───── Provided records ─────
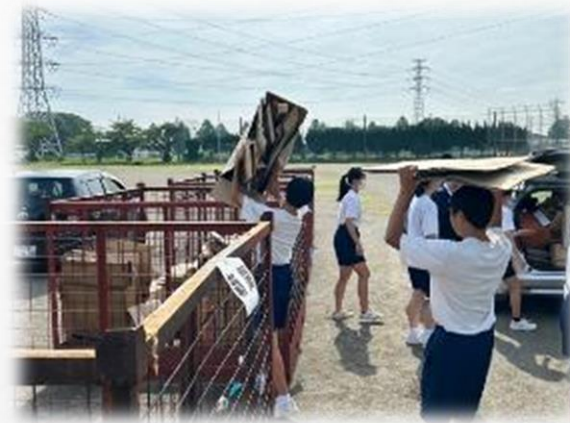
小学校の先生も参加 「資源回収」
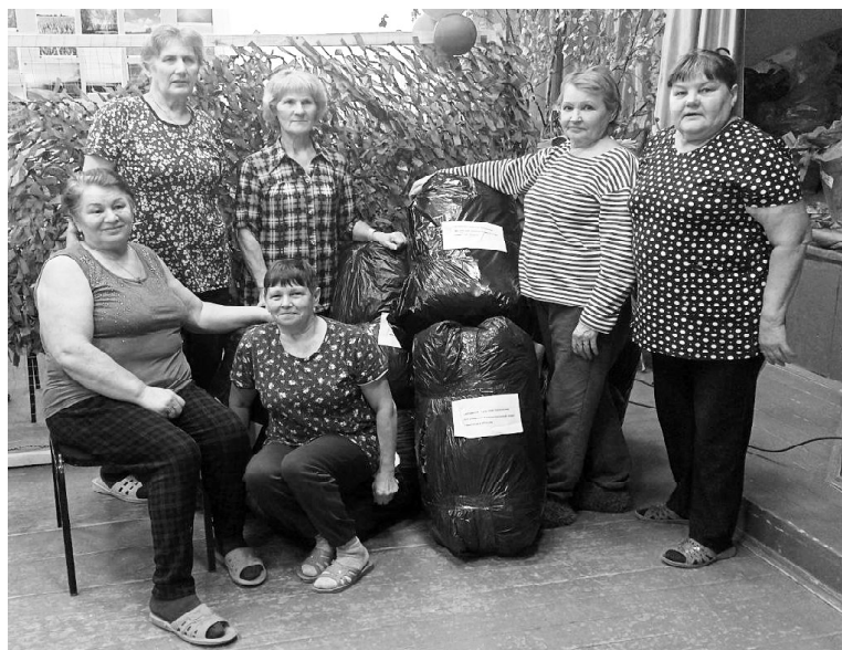
» Сартамские сетевязальщицы

Как только появилась необходимость в маскировочных сетях для наших воинов, участвующих в специальной военной операции по защите Донбасса, женщины Викуловского округа активно откликнулись на призыв. За многие месяцы они «набили руку» и набрались опыта. Теперь это дело поставлено на поток.
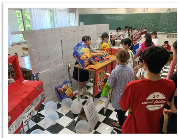
2-1 American Café DADADA!
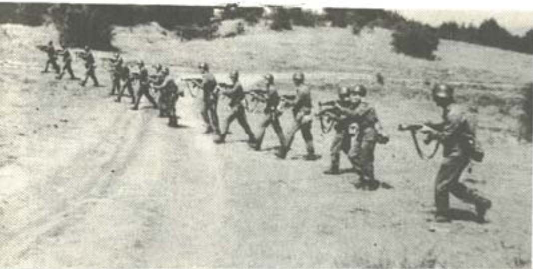
ЗАНЯТИЕ НА ПОЛЕТО.
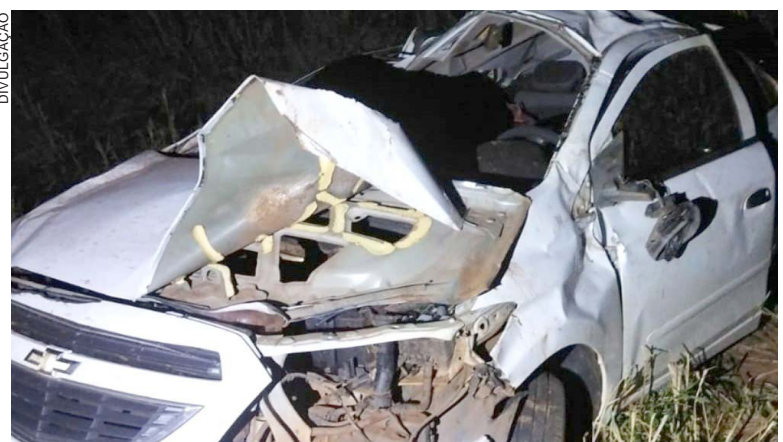
PRISMA no qual a enfermeira era passageira ficou completamente destruído. Mulher foi ejetada para fora do veículo e morreu no local. Motorista foi preso no hospital

Até o momento, a Polícia Civil não divulgou detalhes sobre a identidade da vítima do homicídio nem sobre possíveis suspeitos. As investigações continuam para esclarecer os dois casos e identificar os responsáveis.
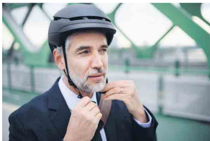
Für viele im Homeoffice Tätige ist Fahrradfahren ein wichtiger körperlicher Ausgleich geworden, der sich positiv bei der Arbeit und der persönlichen Fitness bemerkbar macht.

zur Mitarbeitergesundheit und zum Umweltschutz bei und senken ihre Kosten.“
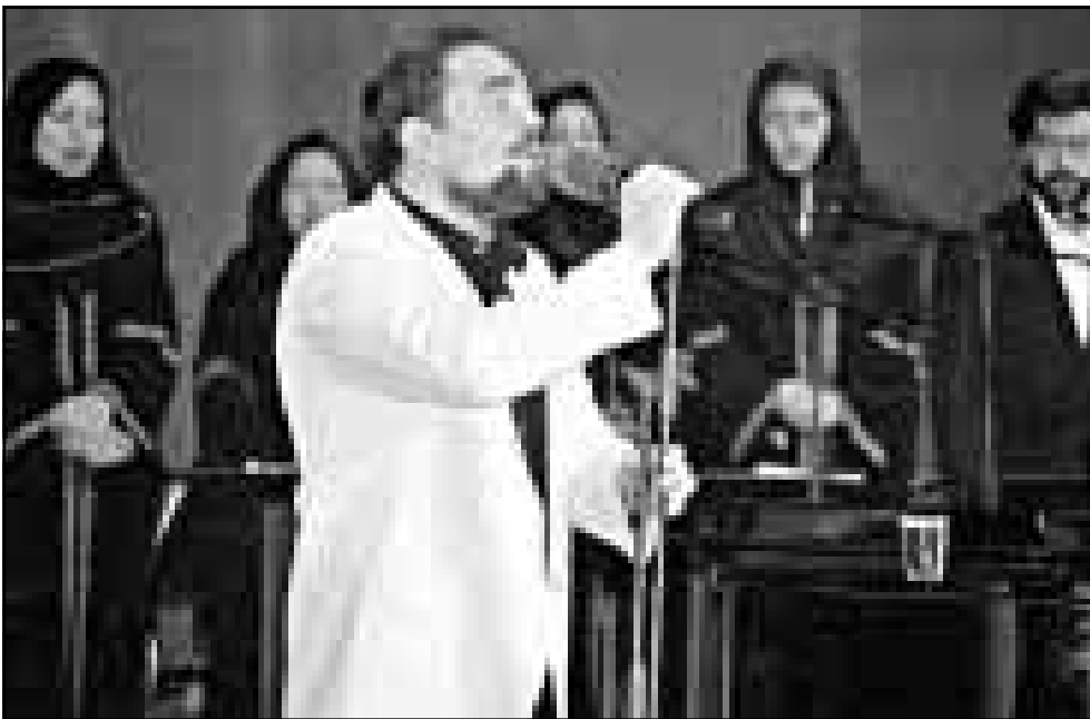
مطرب ايراني يحيي فخلا في طهران في الذكرى العشرين للثورة الاسلامية

■ طهران - اف ب: قال وزير الخارجية الايراني كمال خرازي امس ان طهران ولندن ستعيدان العلاقات الدبلوماسية كاملة بينهما بعد تسوية مسائل بروتوكولية. واوضح خرازي في مؤتمر صحفي «سيعلن ذلك ما ان يكمل كل الطرفي تسوية المسائل البروتوكولية». وازداد الوزير ان تبادل السفراء سيكون الخطوة الاولى في اتجاه تطبيع العلاقات بشكل كامل بين بلاده وبريطانيا.
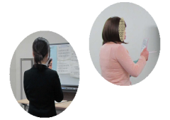
鏡を見ながら 表情確認
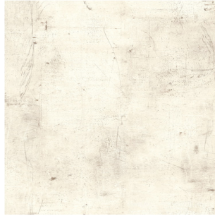
0426 Loft NT

6 mm 4100x1854 mm 8 mm 4100x1854 mm 8 mm 2800x1300 mm
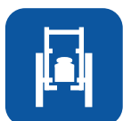
Peso total ▼
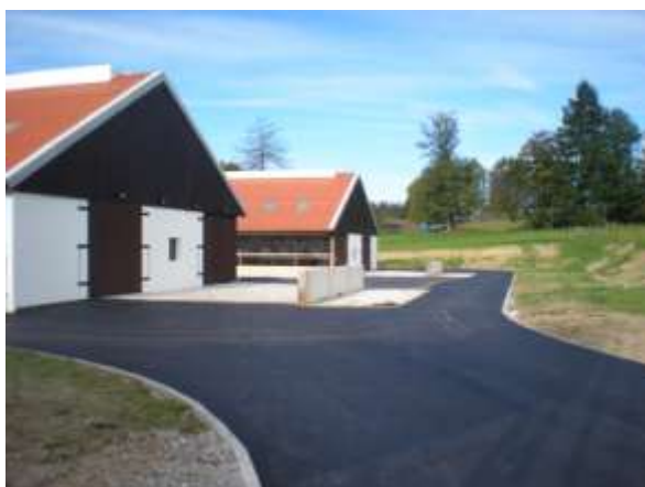
Velmi příjemný pohled na zrekonstruované stáje a plochy kolem nich
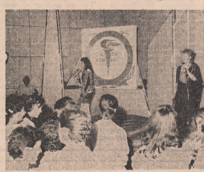
La „Modern-Club”, sub semnul generos al Festivalului național „Cîntarea României”
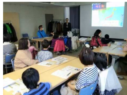
温暖化について学習する参加者

この教室もよこはま夢ファンドの助成金によって開催しましたが、今年度の助成金の対象事業はこれで完了です。よこはま夢ファンドにご寄付いただいた皆様にも厚く御礼申し上げます。 [桑原]
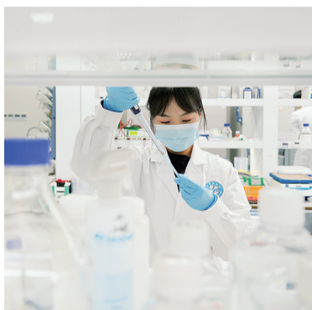
川渝联合打造金凤病理实验室

2024年，四川零部件供应商与赛力斯配套金额184亿元左右，同比增长约350%。初步形成从铝合金新材料生产、模具开发到轻量化零部件与整车生产的轻量化汽车生产链条，提升了“重庆造”智能网联新能源汽车市场竞争力，吸引更多优质企业加入供应链，
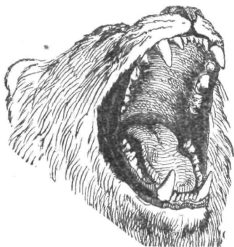
Rjoveči lev. †

in stresa grivo. S tem naznanja glad, ki se ga loti navadno vsakih dvanajst ur. Ako je že po dnevi z bližnjega griča zapazil v obližju kako zver, napoti se zdaj tja, drugače pa gre k vodi in sicer vedno proti vetru, da ga živali ne podišé in pridejo brez skrbi do vode. Svoj prihod naznanja lev s pretresujočim rjoventjem, katero primerjajo Arapi gromu, nazivajoč je »raad« (grom). Ako lev ne pripleni ničesar ob reki, odpravi se dalje k človeškim naselbinam, kjer preskoči nad 3m visok plot in se vrne po isti poti brez težave z dveletnim živinčetom, katero nese včasih po tri ure daleč, saj mu ne pripisujejo zaman moči 40 mōž. Naskoči kakor naša domača mačka. Najprej zdrobi živali vrat in se vpré vanjo s prvima nogama, silovito maha z repom. Na pol mrtva žival se zvija, krči in trepeta, a on zdaj in zdaj iztegne jezik in si oblizne gobec. Z ognjenimi očmi opazuje drgetajočo žival pod seboj ter včasih zarenči kakor pijan od zmage. Za nekaj časa jo izpusti, nato pa hlastno zadavi. Ako se mu naskok v prvo ne posreči, ne naskoči drugič. Nikoli ne zakolje več, kakor mu je treba. Navadno mu plena še ostane, ter se z ostanki gostijo in mastijo še druge zveri. Mirnost obnašanja, visoka postava in oster pogled človekov ga odvrne od napada. A kadar je lačen in si mora kobilic loviti, tedaj mu ne uteče človek tudi na najhitrejšem konju. Opomnje je vredno, da se otrók ne loti.
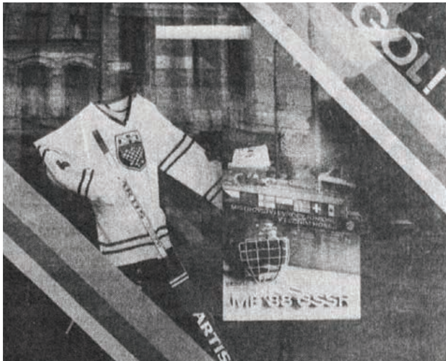
Výloha v Palackého ulici s dresy.

Kromě zmíněného hokejového šampionátu juniorů s mnoha hvězdami světového hokeje hala zažila oslavy titulu mistrů extraligy v roce 1994 a byla také domovským ledem pro nejúspěšnější reprezentanty v historii československého krasobruslení, taneční
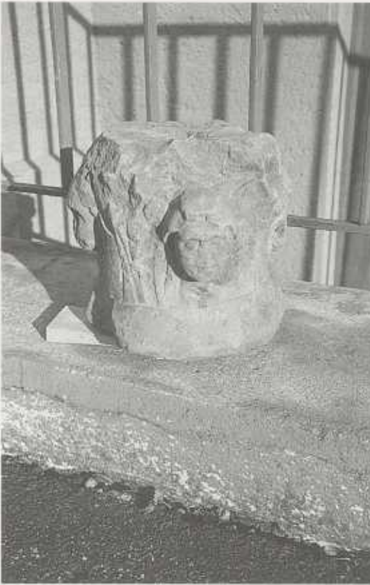
Abb. 8: Güglingen, Kapitell einer Jupiter-gigantensäule
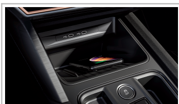
Cupra Formentor 1.5 TSI.
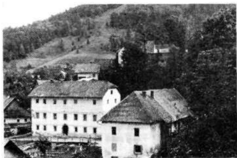
Stara šola v Žireh, kjer je nastanjena žirovska muzejska zbirka.

Dela bo dovolj, le dobre volje je treba... Sedaj se, četudi že največ na podstrešjih, še najdejo kakšni predmeti — ostanki čevljarjskega orodja, kot so: šila, smola za dreto, »rišpati«, kneftr« itd., morda slike delavnic in dokumenti o njihovem delovanju, pa delovnem dnevu čevljarjev do samih »na roko« delanih gojzarjev, »šihtavcev« in ljudi, ki vedo za vse to orodje domače izraze. Spominjajo se še tudi iz svojih izkušenj, kako so take čevlje delali, in še drugih stvari, ki jih je pomembno ohraniti.«
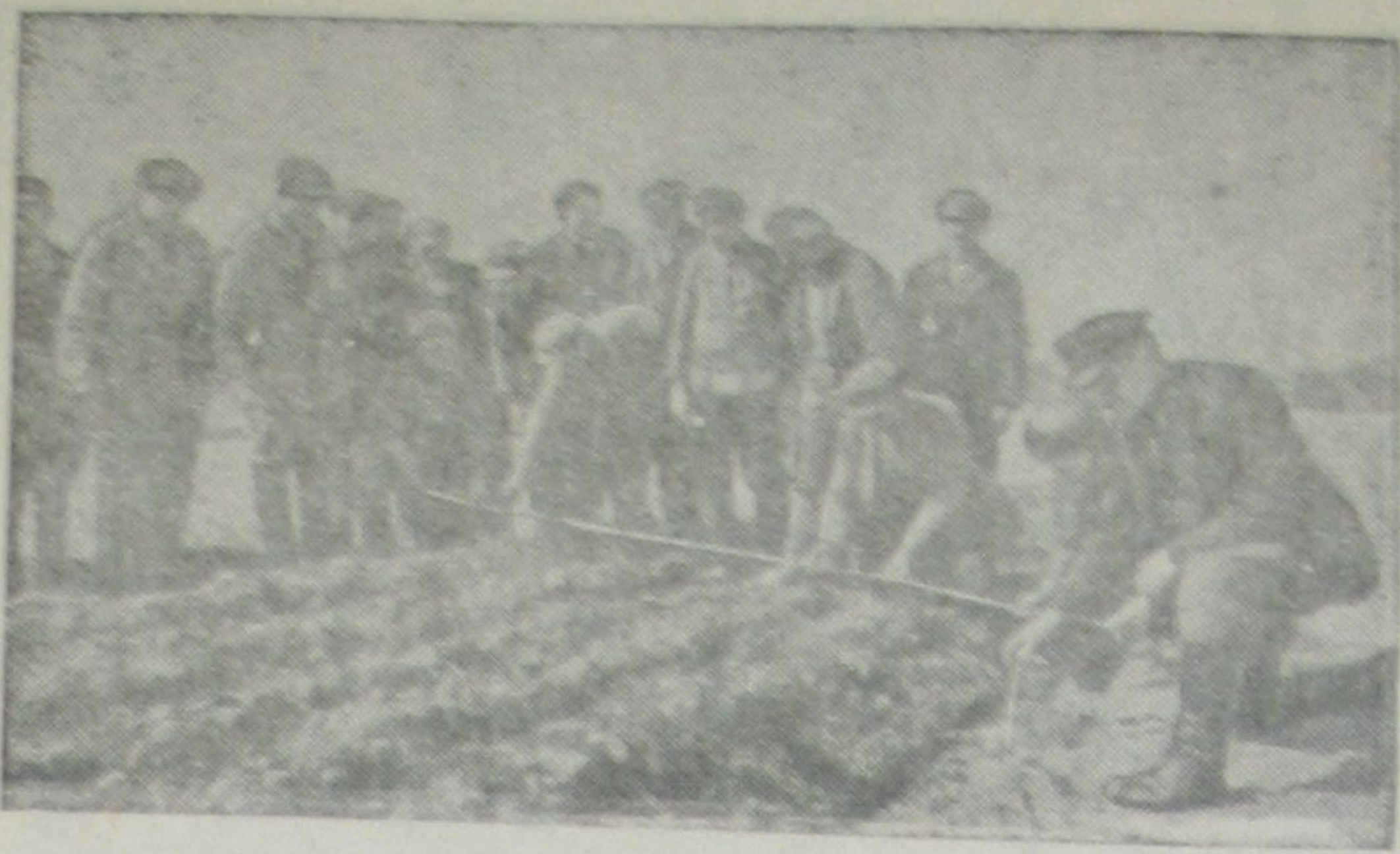
Весенние полевые работы в Советской Латвии. Здесь прошел советский трактор с пятилемешным плугом. Трудные крестьяне впервые видят борозду такой ширины — почти 2 метра.

Линкор «Худ» — крупнейший в мире военный корабль был построен в 1920 году, а в 1930 году переоборудован. Корабль имел водоизмещение в 42 тысячи 100 тонн.
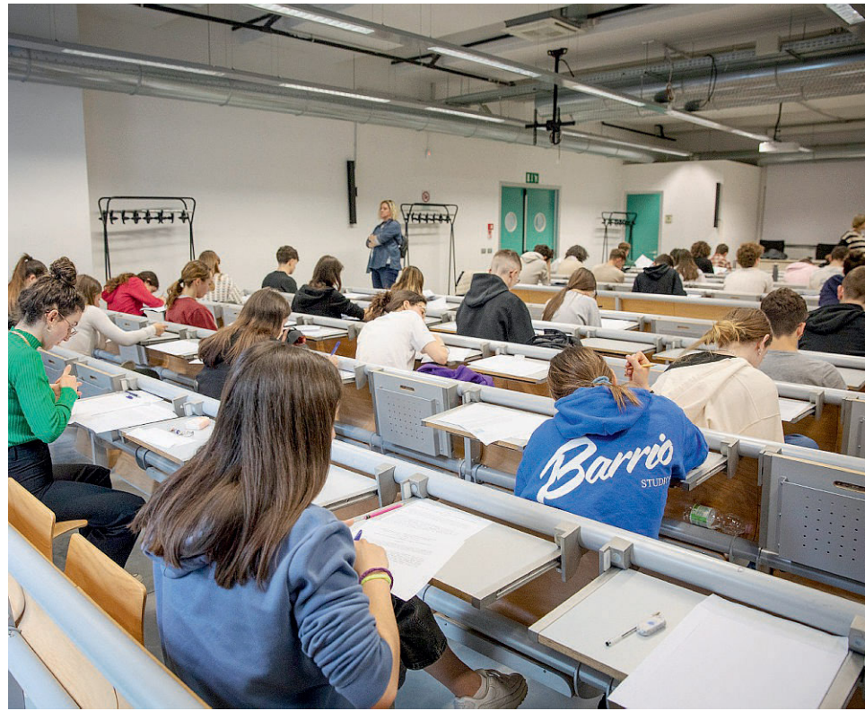
Università di Parma Un esame di latino per gli studenti del nostro Ateneo.

B en venga il progetto «Corda», cooperazione per l'orientamento e la riduzione delle difficoltà di accesso, organizzato dall'Università di Parma. In questo caso per il latino: un aiuto per passare più facilmente dalla scuola all'Università. «Sei uno studente del quarto o del quinto anno della scuola secondaria di secondo grado? - è scritto nella locandina -. Stai studiando il latino e ti piacerebbe iscriverti ad un corso di laurea in materie umanistiche? Magari all'Università di Parma? Oppure vuoi approfondire le tue conoscenze e rafforzare le tue competenze? Allora i corsi Corda di latino fanno per te». I corsi Corda di latino possono valere come ore di orientamento universitario e, se conclusi con buoni o ottimi risultati, danno diritto ad un bonus per gli esami di Lingua e Letteratura latina all'Università di Parma. Ed ecco le caratteristiche dei corsi di 40 ore con due livelli: avanzato (nella sede del liceo Romagnosi) e laboratorio di commento; intermedio (nella sede del liceo Marconi) e laboratorio di traduzione. I corsi avranno un numero minimo di 8 studenti, massimo 25 per corso. Il requisito? La buona conoscenza della grammatica normativa della lingua latina. Il programma avanzato condotto dalle professoresse Lorenza Reverberi e An-
─────
### Requirement
Lines of the data that include the string "Parma" are to be counted; report the total by itself.

### Answer box
2